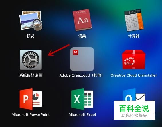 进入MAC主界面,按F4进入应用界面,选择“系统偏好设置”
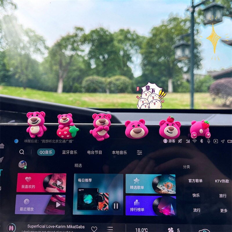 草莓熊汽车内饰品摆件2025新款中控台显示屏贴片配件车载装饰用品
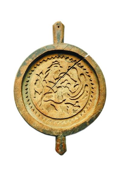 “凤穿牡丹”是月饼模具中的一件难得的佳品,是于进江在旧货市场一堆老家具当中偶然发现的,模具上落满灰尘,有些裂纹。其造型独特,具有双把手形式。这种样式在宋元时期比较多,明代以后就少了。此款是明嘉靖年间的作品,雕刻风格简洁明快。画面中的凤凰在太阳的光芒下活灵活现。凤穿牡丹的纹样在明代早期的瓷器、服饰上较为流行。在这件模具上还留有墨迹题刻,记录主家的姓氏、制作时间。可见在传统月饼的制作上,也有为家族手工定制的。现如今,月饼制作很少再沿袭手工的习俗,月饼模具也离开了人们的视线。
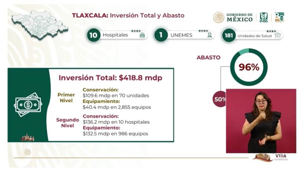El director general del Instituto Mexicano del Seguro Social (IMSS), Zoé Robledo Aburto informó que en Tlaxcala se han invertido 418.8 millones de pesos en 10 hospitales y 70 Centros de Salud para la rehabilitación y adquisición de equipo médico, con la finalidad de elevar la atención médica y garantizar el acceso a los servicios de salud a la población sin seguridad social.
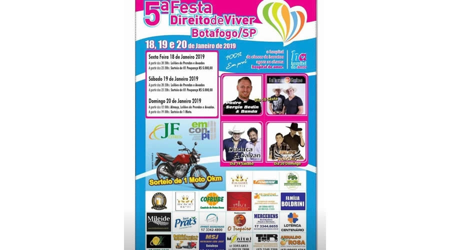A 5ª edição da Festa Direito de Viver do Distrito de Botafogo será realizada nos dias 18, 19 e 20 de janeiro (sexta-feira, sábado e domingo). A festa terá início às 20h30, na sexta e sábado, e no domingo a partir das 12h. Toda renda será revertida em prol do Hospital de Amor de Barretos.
* * *
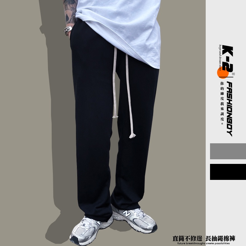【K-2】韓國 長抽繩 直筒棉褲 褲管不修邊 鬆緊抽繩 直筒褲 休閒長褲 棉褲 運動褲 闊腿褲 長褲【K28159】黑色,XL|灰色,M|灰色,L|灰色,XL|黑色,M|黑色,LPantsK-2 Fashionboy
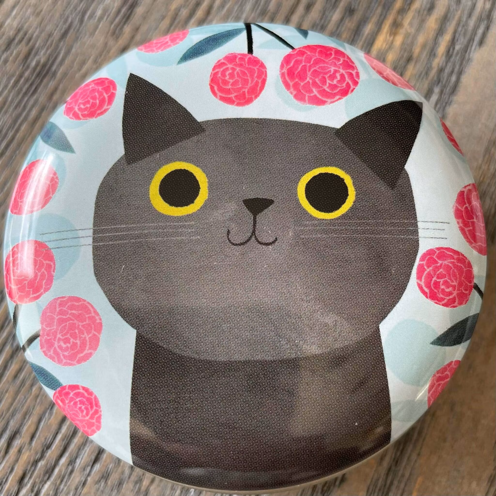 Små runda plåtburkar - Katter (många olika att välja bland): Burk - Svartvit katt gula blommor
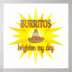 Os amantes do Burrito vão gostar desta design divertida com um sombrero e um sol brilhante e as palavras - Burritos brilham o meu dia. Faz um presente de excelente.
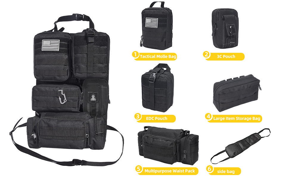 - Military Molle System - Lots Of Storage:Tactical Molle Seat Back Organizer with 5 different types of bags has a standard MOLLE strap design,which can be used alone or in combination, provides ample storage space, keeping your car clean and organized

→ Work instruction: Could you write out exactly the lines of the data above that run from the one holding "闊腿褲 長褲【K28159】黑色,XL|灰色,M|灰色,L|灰色,XL|黑色,M|黑色,LPantsK-2 Fashionboy" to the one holding "- Military Molle", with both ends in and all pictures out?

→ Result of the task:
【K-2】韓國 長抽繩 直筒棉褲 褲管不修邊 鬆緊抽繩 直筒褲 休閒長褲 棉褲 運動褲 闊腿褲 長褲【K28159】黑色,XL|灰色,M|灰色,L|灰色,XL|黑色,M|黑色,LPantsK-2 Fashionboy
 Små runda plåtburkar - Katter (många olika att välja bland): Burk - Svartvit katt gula blommor
 Os amantes do Burrito vão gostar desta design divertida com um sombrero e um sol brilhante e as palavras - Burritos brilham o meu dia. Faz um presente de excelente.
 - Military Molle System - Lots Of Storage:Tactical Molle Seat Back Organizer with 5 different types of bags has a standard MOLLE strap design,which can be used alone or in combination, provides ample storage space, keeping your car clean and organized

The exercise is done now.